This year’s fires in Alaska and elsewhere in the far North have probably released legacy carbon, too, Walker said.
Alaska wildfires this year had burned nearly 2.6 million acres as of the end of last week, according to the Alaska Interagency Coordination Center. Though that total is far below the record 6.6 million acres burned in 2004, it is part of a trend. It marks the 15th time in the past 80 years that more than 2 million acres had burned — with six of those years happening since 2000, according to the Alaska Division of Forestry.
Thanks to extraordinarily hot and dry conditions over the summer, fires in southcentral Alaska have penetrated deep into the ground, according to fire managers. Ash pits have become a special danger, burning several firefighters and posing a hazard to residents returning to their homes after evacuation orders were lifted, according to fire managers.
Meanwhile, wildfires in northern Russia are approaching record levels, according to reports from Russia. The total amount burned in Siberia, mostly in the far eastern region, had reached over 13.3 million acres (5.4 million hectares) as of mid-August, according to the Siberian Times.
The changing mix of trees that follows wildfires will also affect the boreal forests’ ability to function as carbon sinks, other studies have found.
One new study published in the journal Nature Plants predicts that warming and warming-related wildfires will shift Alaska forests from being mostly evergreen to mostly deciduous.
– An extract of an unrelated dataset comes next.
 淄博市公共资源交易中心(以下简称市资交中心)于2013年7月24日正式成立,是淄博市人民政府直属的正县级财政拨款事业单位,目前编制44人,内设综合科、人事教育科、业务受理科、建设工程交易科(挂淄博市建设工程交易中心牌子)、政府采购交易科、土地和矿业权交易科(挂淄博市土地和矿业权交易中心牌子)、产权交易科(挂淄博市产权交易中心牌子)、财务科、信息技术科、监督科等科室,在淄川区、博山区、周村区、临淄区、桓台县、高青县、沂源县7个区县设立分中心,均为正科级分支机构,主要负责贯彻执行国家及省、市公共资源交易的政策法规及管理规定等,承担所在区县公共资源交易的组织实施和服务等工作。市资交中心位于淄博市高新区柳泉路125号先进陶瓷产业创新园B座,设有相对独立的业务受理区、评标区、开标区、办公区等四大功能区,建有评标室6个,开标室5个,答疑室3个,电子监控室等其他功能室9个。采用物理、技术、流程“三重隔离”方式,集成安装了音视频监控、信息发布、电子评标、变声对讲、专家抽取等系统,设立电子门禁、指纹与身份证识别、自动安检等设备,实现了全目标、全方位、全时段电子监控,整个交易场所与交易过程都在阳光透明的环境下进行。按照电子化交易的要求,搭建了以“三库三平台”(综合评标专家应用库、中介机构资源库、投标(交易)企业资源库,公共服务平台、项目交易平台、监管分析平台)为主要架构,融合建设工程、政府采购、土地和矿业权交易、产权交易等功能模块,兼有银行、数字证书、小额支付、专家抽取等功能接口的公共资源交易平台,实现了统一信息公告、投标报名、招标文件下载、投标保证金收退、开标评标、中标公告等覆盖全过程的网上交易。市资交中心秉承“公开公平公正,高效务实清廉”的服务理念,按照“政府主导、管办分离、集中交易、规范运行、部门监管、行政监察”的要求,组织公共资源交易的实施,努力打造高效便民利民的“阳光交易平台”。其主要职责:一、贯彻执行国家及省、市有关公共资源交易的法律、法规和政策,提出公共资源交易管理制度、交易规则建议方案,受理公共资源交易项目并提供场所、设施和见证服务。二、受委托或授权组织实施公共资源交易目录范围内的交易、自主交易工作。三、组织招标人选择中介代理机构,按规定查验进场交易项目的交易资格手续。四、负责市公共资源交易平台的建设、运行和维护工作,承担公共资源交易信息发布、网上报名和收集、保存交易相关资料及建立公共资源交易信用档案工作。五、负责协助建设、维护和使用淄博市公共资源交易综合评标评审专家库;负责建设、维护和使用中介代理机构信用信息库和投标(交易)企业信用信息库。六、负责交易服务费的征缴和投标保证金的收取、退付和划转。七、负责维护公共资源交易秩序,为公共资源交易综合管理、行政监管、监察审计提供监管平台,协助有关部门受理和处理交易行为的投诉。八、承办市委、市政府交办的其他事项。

Dominance of leaf-bearing deciduous trees is expected to double by the end of the century, resulting in less storage of carbon in the ground, among other changes, said the study, by scientists from the Lawrence Berkeley National Laboratory and other institutions.
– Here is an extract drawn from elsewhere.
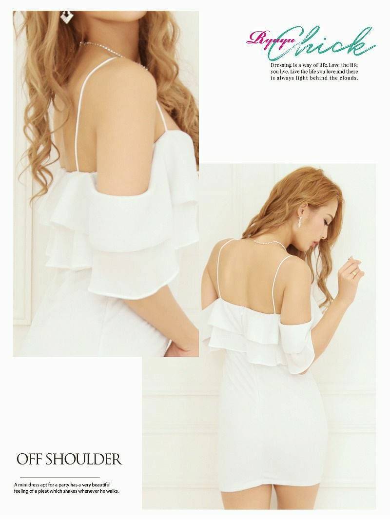 5. 【訳ありアウトレット】フリル袖付きタイトミニ丈キャバドレス【RyuyuChick】(M/L)(ブラック/ホワイト/ブルーA/レッド/ピンク/ブルーB)

In interior Alaska specifically, wildfires and permafrost thaw will combine to shift the forest mix, with deciduous trees like quaking aspen replacing spruce at drier areas and at lower elevations, according to a separate study by scientists from Northern Arizona University, NASA, the University of Virginia, the National Center for Atmospheric Research and the Woods Hole Research Center, some of them the same who are studying the 2014 Northwest Territories fires.
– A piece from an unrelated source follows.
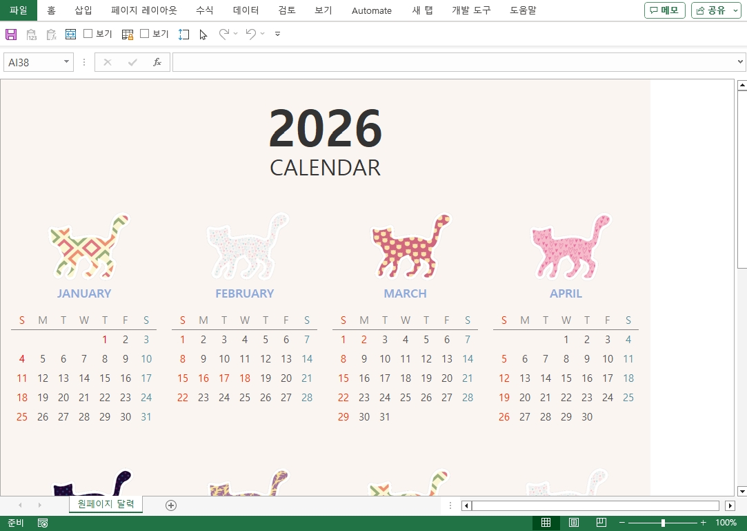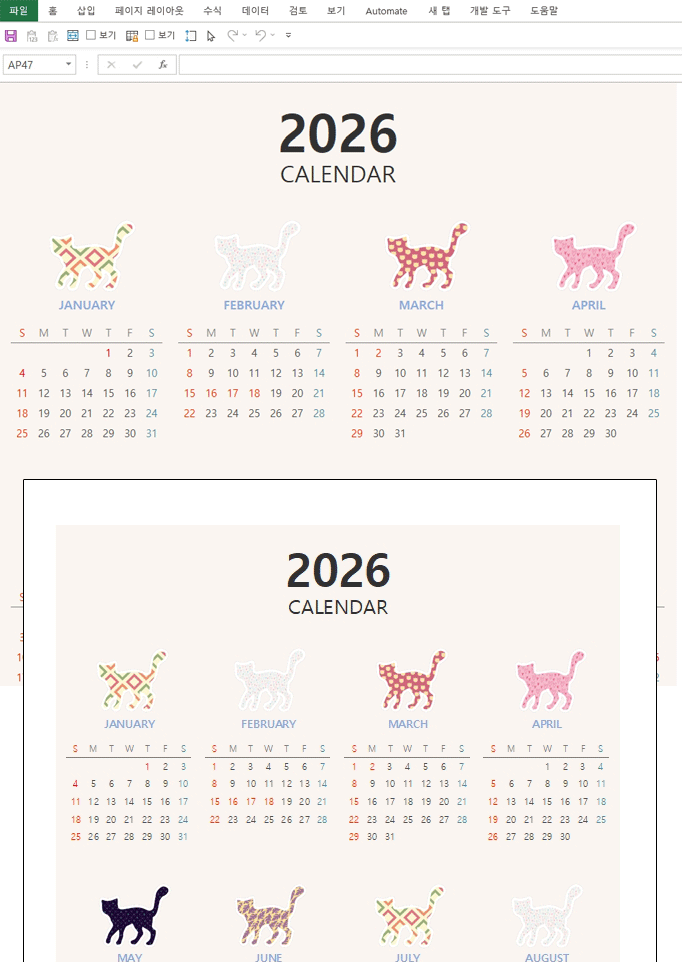 2026년 달력(연간일정,원페이지,귀여운고양이) 서식입니다. 2026년 엑셀 달력 서식은 전체 연간 일정을 한 페이지에 압축하여 효율적인 계획 수립을 돕습니다. 귀여운 고양이 이미지가 디자인 요소로 추가되어, 달력을 사용할 때마다 소소한 즐거움과 따뜻함을 선사합니다. 실용적인 일정 관리 기능과 더불어 보는 즐거움까지 겸비하여, 사용자의 일상에 활력과 행복을 더해주는 사랑스러운 달력 서식입니다.

That too will change the carbon cycle, though in complex ways, said the study, published in the journal Ecological Modelling.
Deciduous trees are less flammable than spruce and thus less likely to be burned in future wildfires, but deciduous forests also store less carbon in their soils, said the study, which is based on modeling.
“If the species are changing, you’re changing the entire carbon cycle,” said Walker, who did not work on that study but has followed her colleagues’ research.
While spruce are expected to be replaced in dry areas and at low elevations of the forest, spruce are expected to increase in wetter areas and at higher elevations, the study said.
The study did not consider the effect of insect infestations, but it noted that a large beetle infestation is currently underway in Southcentral Alaska, killing trees over a vast area and causing large amounts of carbon losses. The evidence is that the infestation is moving north, and it could alter the interior Alaska boreal forest, the study said.